Word problem help

[Guest]

Using a 5 minute and an 8 minute hourglass timer, how can you measure 1 minute?

Together a baseball and a football weigh 1.25 pounds, the baseball and a soccer ball weigh 1.35 pounds, and the football and soccer ball weigh 1.9 pounds. How much does each of the balls weigh?

 

[tkhunny]

Using a 5 minute and an 8 minute hourglass timer, how can you measure 1 minute?

Hint: You'll have to wait 15 minutes before your measured minute starts.

 

[Mrspi]

Together a baseball and a football weigh 1.25 pounds, the baseball and a soccer ball weigh 1.35 pounds, and the football and soccer ball weigh 1.9 pounds. How much does each of the balls weigh?
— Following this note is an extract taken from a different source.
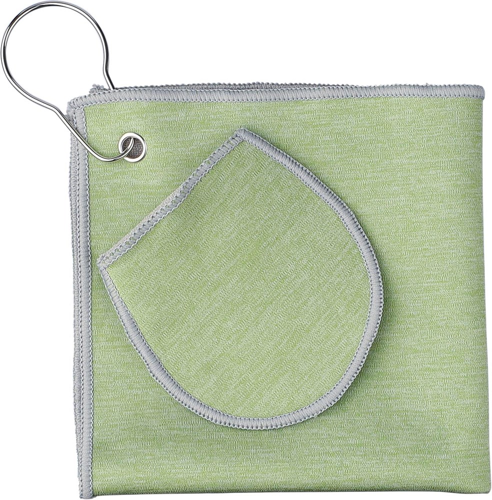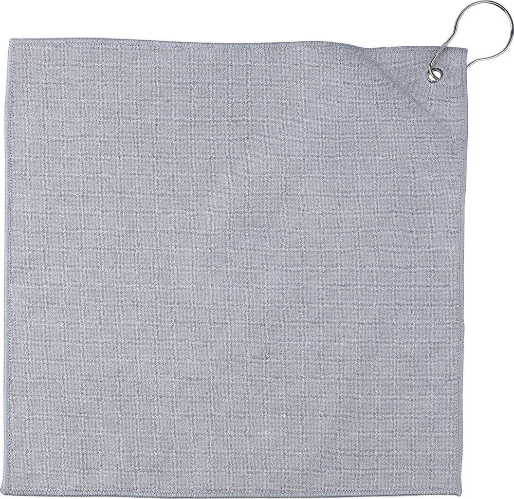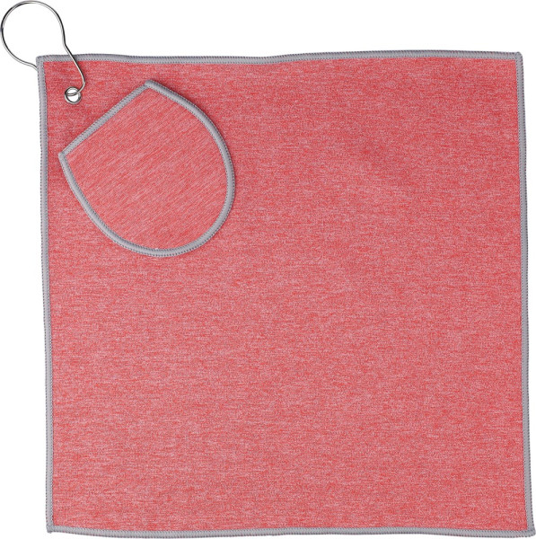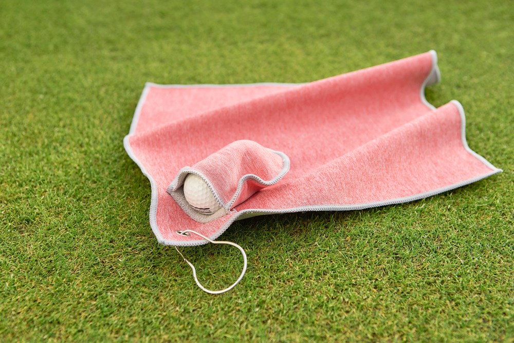 rPET golfhanddoek met een geïntegreerd golfballenvak, ongeveer 31 × 31 cm. Voorzien van een metalen haak voor eenvoudige bevestiging aan een tas en een rPET-label aan de binnenkant. Machinewasbaar (koud).

Let b = weight of baseball
Let f = weight of football
Let s = weight of soccer ball

From the statements in the problem, we know this:
b + f = 1.25
b + s = 1.35
f + s = 1.9

Solve the first equation for b in terms of f:
b = 1.25 - f

Substitute (1.25 - f) for b in the second equation:

(1.25 - f) + s = 1.35

Now, you have two equations in two variables:
(1.25 - f) + s = 1.35
f + s = 1.9

I hope you can take it from here......

 

[TchrWill]

Using a 5 minute and an 8 minute hourglass timer, how can you measure 1 minute?

1--Turn both over.
2--After the 5 min. one runs out, turn it back over there being 3 left in the 8.
3--When the 8 runs out there is 2 in the 5.
4--Turn the 8 over again.
5--When the 2 runs out of the 5, there will be 6 in the 8.
6-Turn the 5 over again.
7--When the 5 runs out there is 1 left in the 6.
8--When the remaining 1 in the 8 runs out, you have timed your 1 minute.

 

[soroban]

Hello, bware!

Together a baseball and a football weigh 1.25 pounds,
a baseball and a soccer ball weigh 1.35 pounds,
and a football and a soccer ball weigh 1.9 pounds.
How much does each of the balls weigh?

Let \(\displaystyle B\) = weight of a baseball.
Let \(\displaystyle F\) = weight of a football.
Let \(\displaystyle S\) = weight of a soccer ball.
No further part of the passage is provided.